Attack Update: Feb. 13, 2006

The attack: “ That’s the argument of flexibility and it goes something like this: The Constitution is over 200 years old and societies change. It has to change with society, like a living organism, or it will become brittle and break. But you would have to be an idiot to believe that. The Constitution is not a living organism; it is a legal document. It says something and doesn’t say other things.”
— U.S. Supreme Court Justice Antonin Scalia, at a speech sponsored by the conservative Federalist Society.

Significance: Scalia is taking part in the political debate over the courts. His comment is in line with a drumbeat of right-wing attacks on so-called “judicial activists.” Scalia sets up a false dichotomy between judges like himself, who he calls “originalists,” and judges he referred to in his speech as “idiots” — judges he believes are making up the law as they go along by injecting their own personal beliefs into constitutional law.
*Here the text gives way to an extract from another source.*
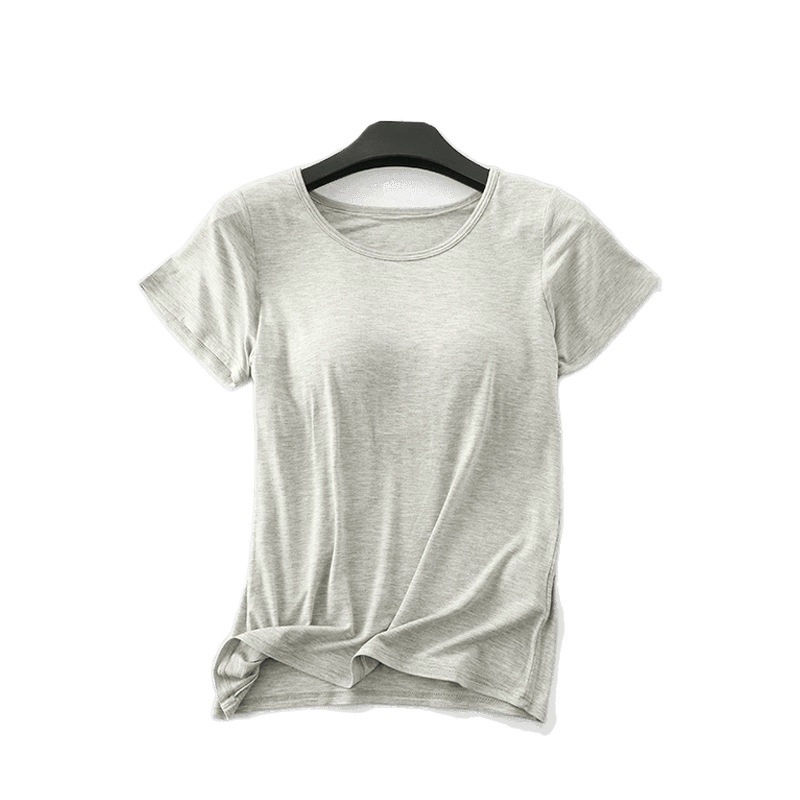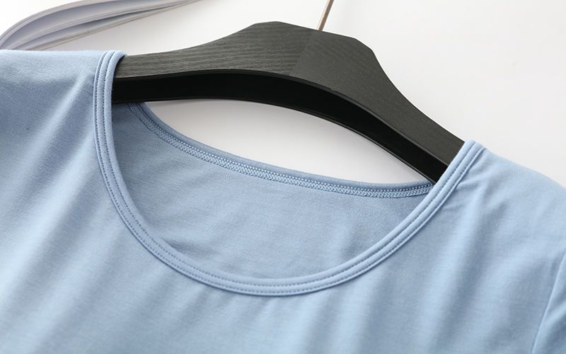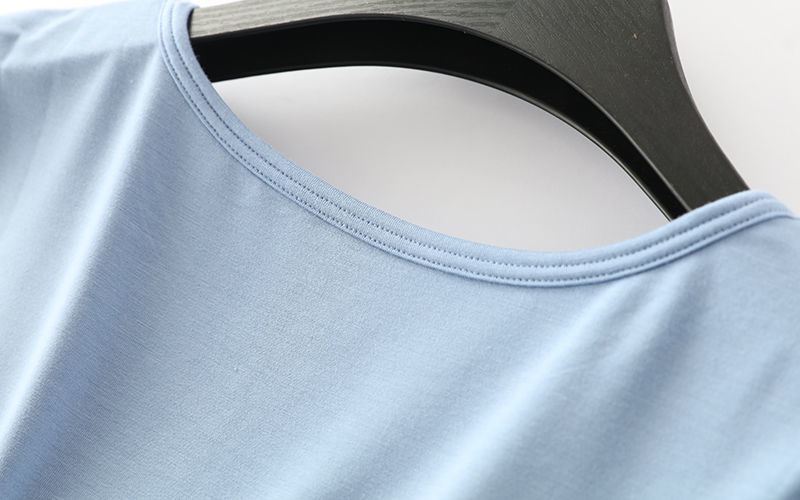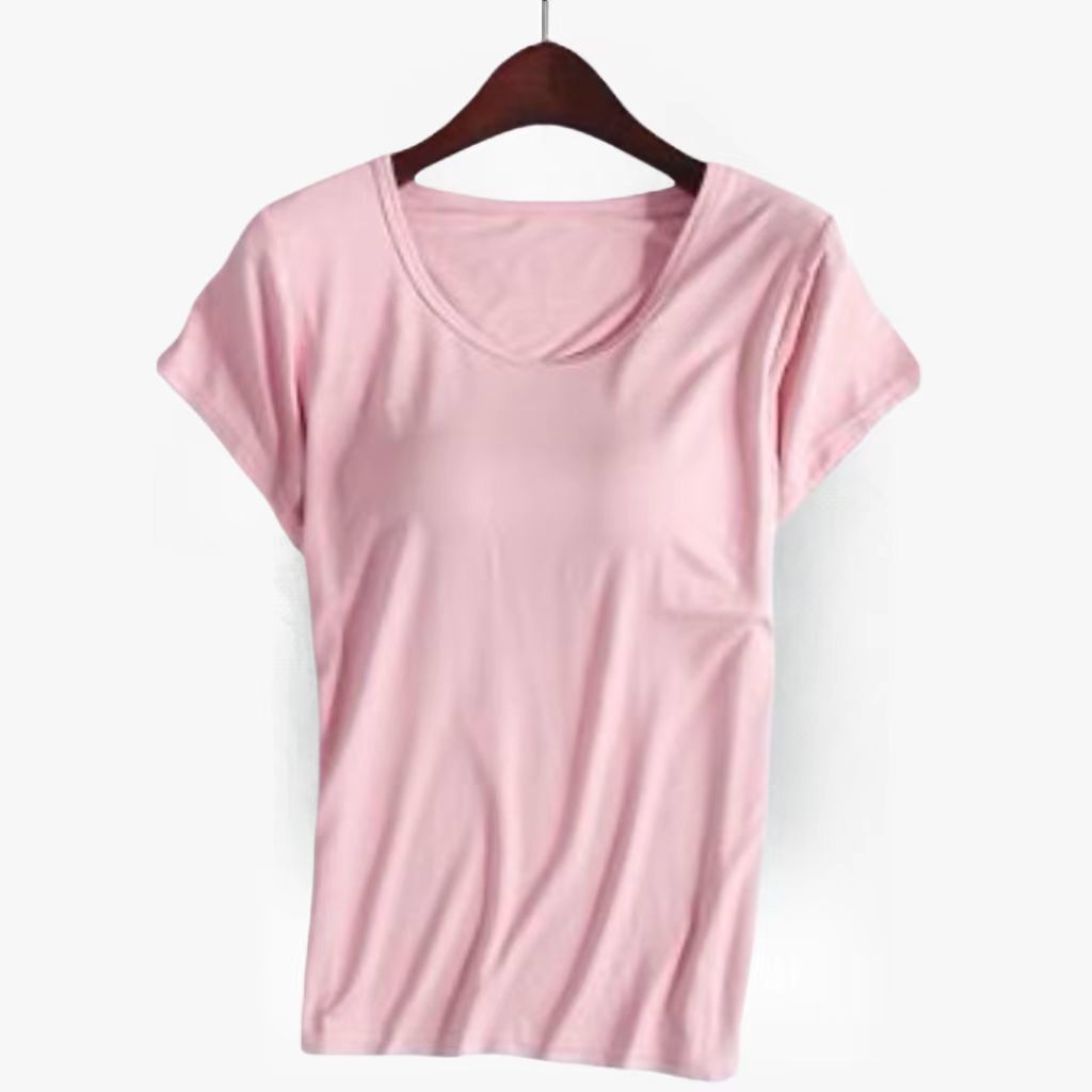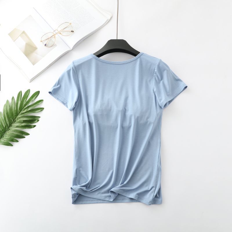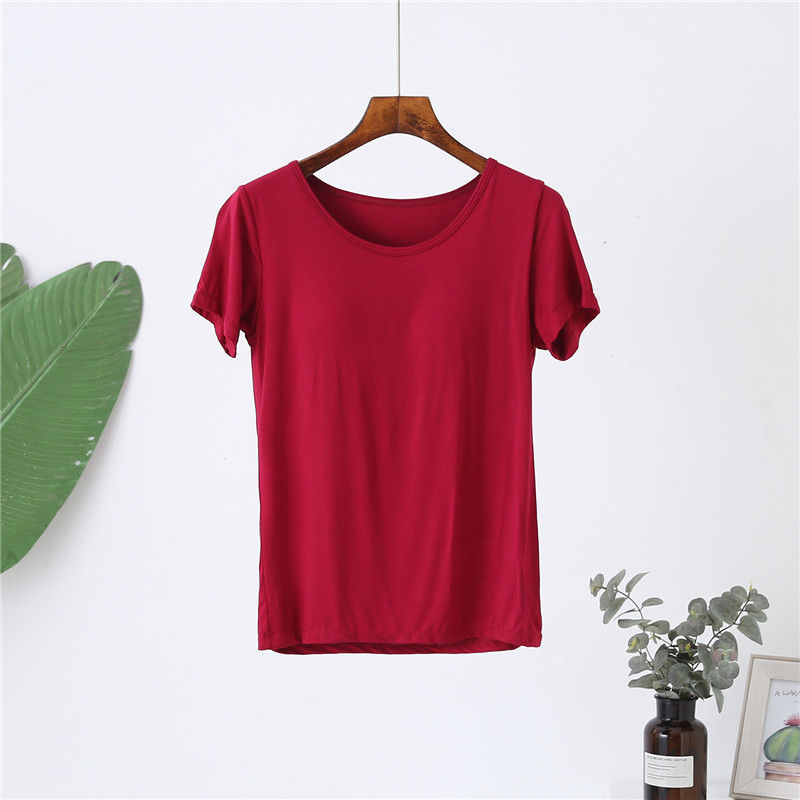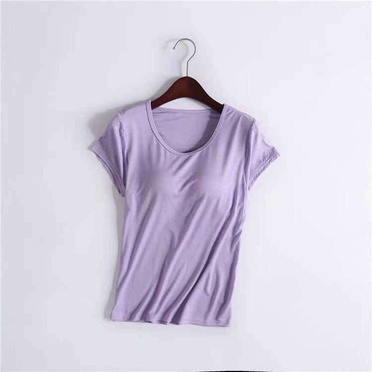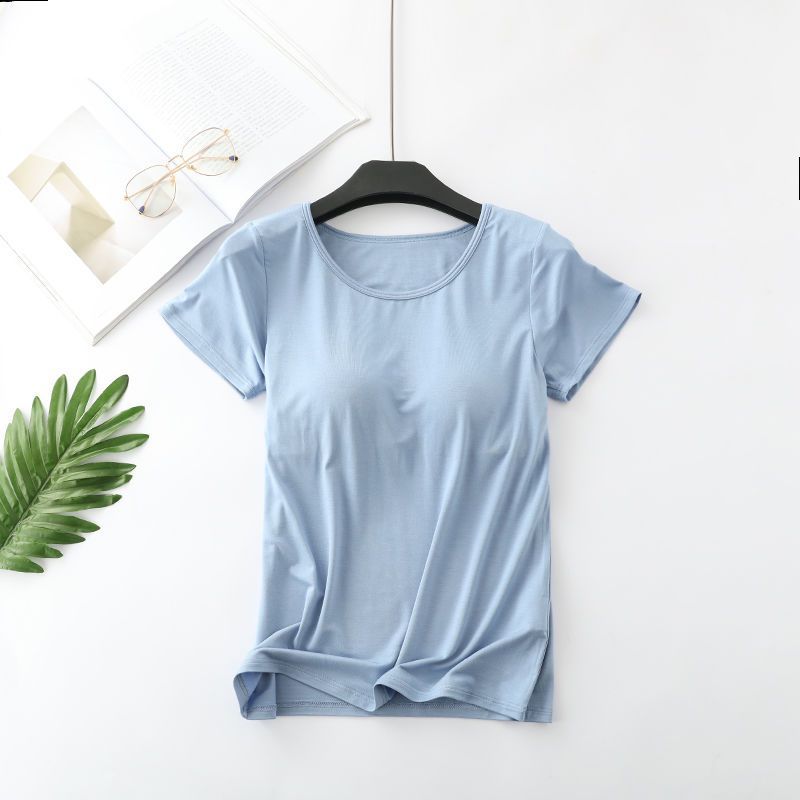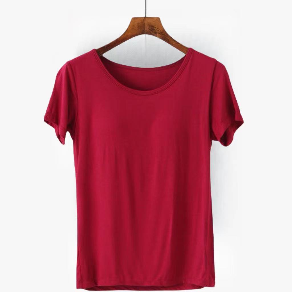 带胸垫莫代尔短袖t恤女夏外穿居家薄上衣大码宽松百搭圆领打底衫

Scalia’s dichotomy depends on the flawed assumption that there is such a philosophy as objective originalism that allows judges to simply determine precisely what the Constitution’s framers meant on every constitutional question. In reality, many constitutional provisions are ambiguous and broadly phrased (for example, provisions referring to due process, equal protection under law and cruel and unusual punishment). Moreover, since the nation’s founding, highly respected jurists, including Chief Justice John Marshall, Justice William Brennan and Justice Thurgood Marshall, have viewed the Constitution as a living document that must be adapted to changing social circumstances. In Scalia’s view, apparently, these respected judges are “idiots.”